Primordial black hole clusters evolve through successive mergers described by Smoluchowski coagulation — the same mathematical framework used for dust grains clumping in protoplanetary disks and droplets coalescing in clouds. Trashorras et al. (arXiv 2604.01684) show that under gravitationally focused conditions, these clusters undergo runaway growth: a single object captures most of the mass through a cascade of mergers. The timescale to runaway depends almost entirely on the initial mass distribution and the initial concentration of the cluster. Widely separated initial conditions lead to runaway on timescales differing by orders of magnitude. The final object may look similar — a massive black hole at the cluster center — but the path to it was set at formation.

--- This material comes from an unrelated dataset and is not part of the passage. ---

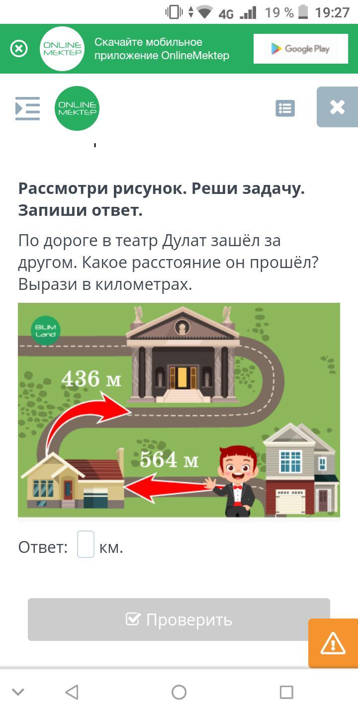 По дороге в театр Дулат зашёл за другом. Какое расстояние он прошёл? Вырази в километрах.
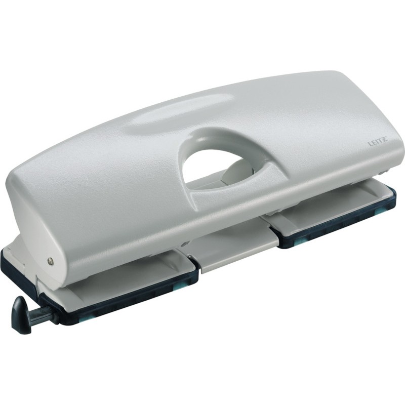 Perforateur double LEITZ® 5022 partie supérieure en fonte d'aluminium, socle en métal, pour écartement 8 cm, perforation Ø 5,5 mm, 2 mécanismes pour écartement 8 x 8 x 8 cm, avec réglette, capacité de perforation env. 1,6 mm (16 feuilles). Garantie: 10 ans. Certification: GS.

Redirection networks (arXiv 2604.01540) grow by a different rule but show the same sensitivity. Instead of connecting to a randomly chosen target node, each new node connects to a neighbor of the target. This single indirection — attachment mediated through an existing connection — changes the network’s global structure. The number of nonleaf nodes scales sublinearly with network size. Most nodes remain leaves. A few early nodes accumulate connections not because they are intrinsically special but because they were present when the first redirections occurred. Their early position in the attachment sequence gave them a structural advantage that compounded.

In the black hole cluster, the first object to capture a neighbor gains a cross-section advantage — larger mass means larger gravitational focus, which means faster subsequent captures. In the redirection network, the first node to receive a redirected edge gains a degree advantage — more connections means higher probability of being a neighbor of future targets. Both are positive feedback loops seeded by initial conditions.

In both systems, the first attachment determines the trajectory, not the final size.